DOI: 10.1108/ijius-04-2026-0138 ISSN: 2049-6427

Estimation of effect of low-frequency vibrations on the fouling mitigation and performance of double-pipe heat exchanger using fuzzy inference system

Savitri Vemireddi, Sewan Das Patle

Purpose

The present study develops an artificial intelligence (AI)-based prediction tool to estimate the performance of a double-pipe heat exchanger under low-frequency vibrations. For this purpose, an experimental setup has been developed to generate several data points that can be used to train the AI model.

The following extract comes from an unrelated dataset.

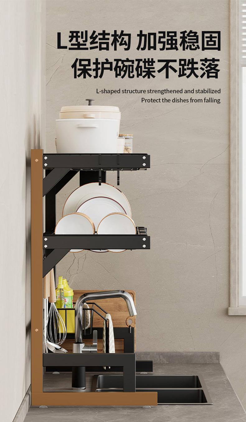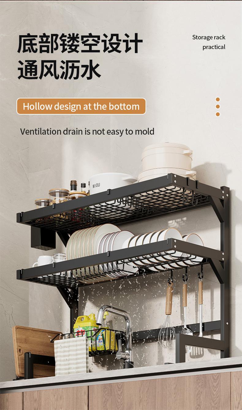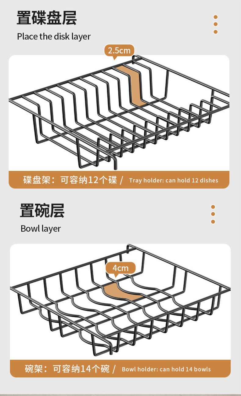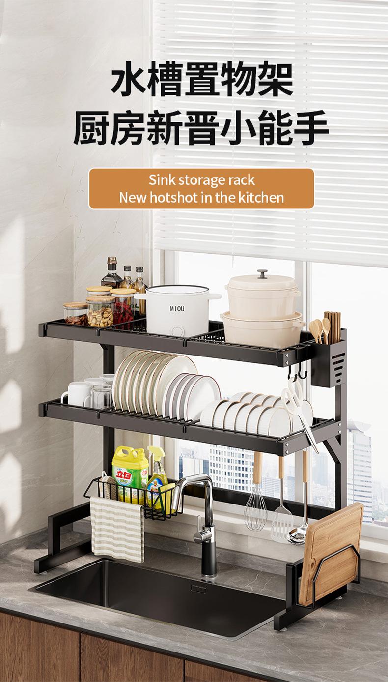 65cm double-layer sink dish rack (black fully equipped)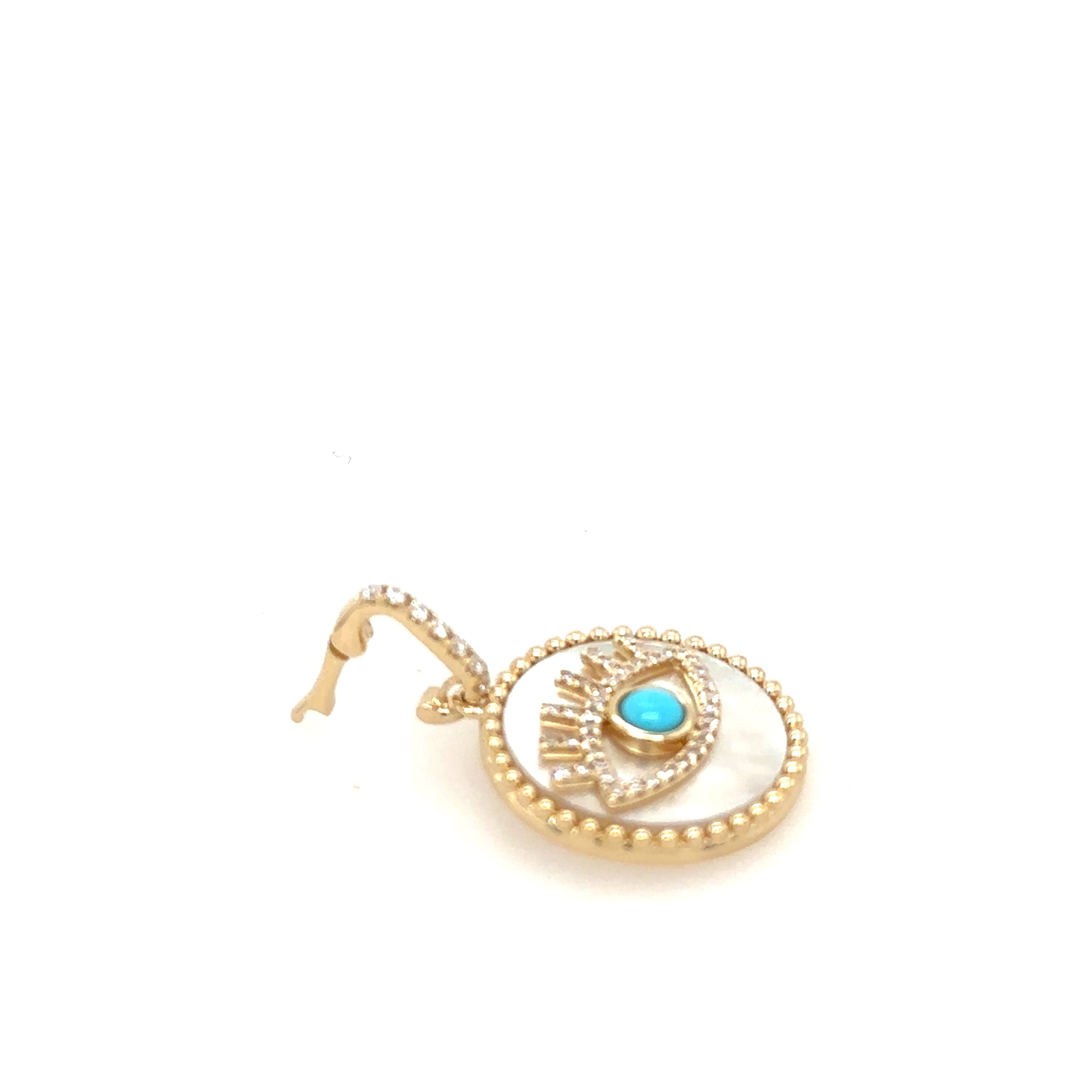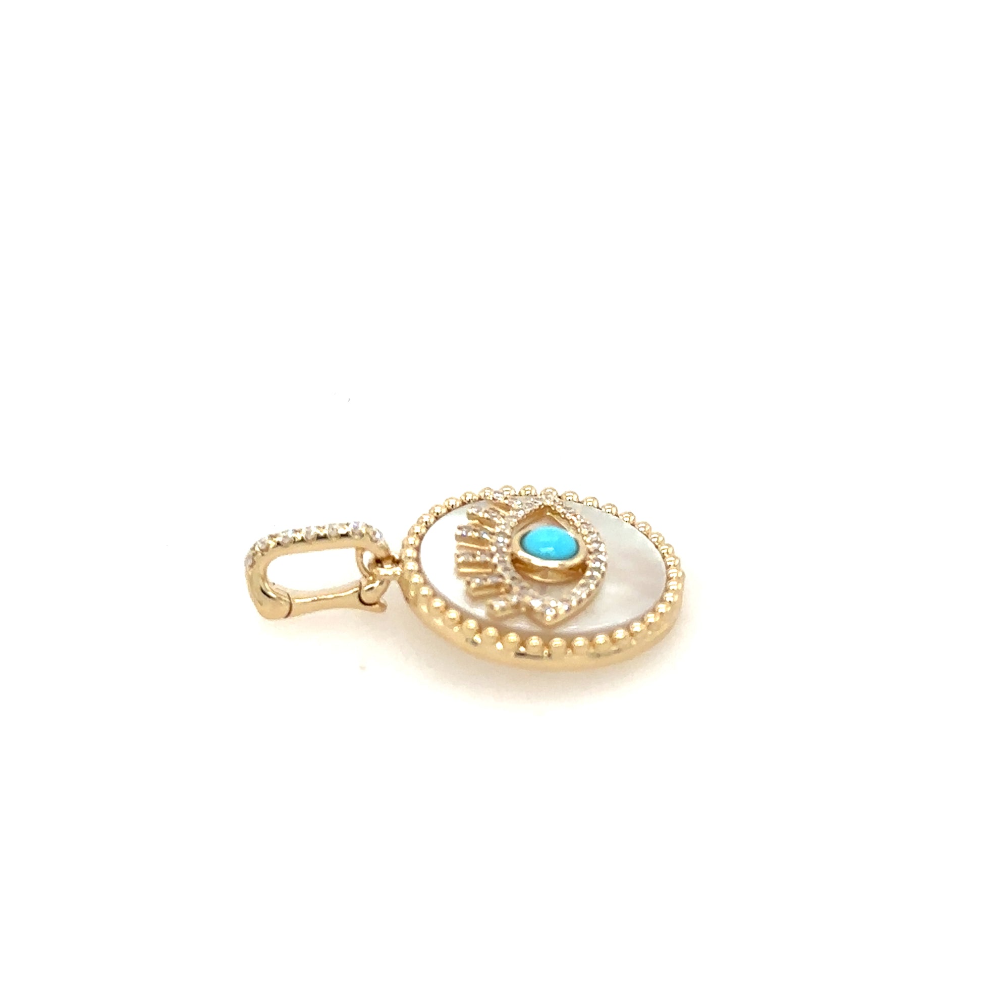 Mother of Pearl Turquoise & Diamond Evil Eye Pendant

Design/methodology/approach

This study starts with development of an experimental setup consisting of a double-pipe heat exchanger and a low-frequency vibratory module capable of producing vibrations up to 1,250 kHz. Further, 0.3% CuO nanoparticles are mixed with water as a cold fluid flowing through the inner pipe, at varying low-frequency vibrations. The generated data points are then fed into fuzzy inference system to obtain the relationship among the input and output process parameters.

Findings

It is found that the heat transfer enhancement is raised to 40% under the presence of low-frequency vibrations as compared to the experiments carried out without the presence of vibrations. However, the relation between the presence of low frequencies with respect to the heat exchanger performance is non-uniform. Further, the developed fuzzy-based prediction tool allows for optimisation and found five optimal data points where the heat exchanger operates at the maximum enhancement factor of 1.6252.

Originality/value

The current investigation is extended to the implementation of a fuzzy inference system to obtain the relation between the input parameters, i.e. cold fluid flow rate, hot fluid flow rate and frequency and the output parameter as the performance of a double-pipe heat exchanger. A wide range of experimental datasets at 16-fluid flow combinations are collected to train and validate the prediction model.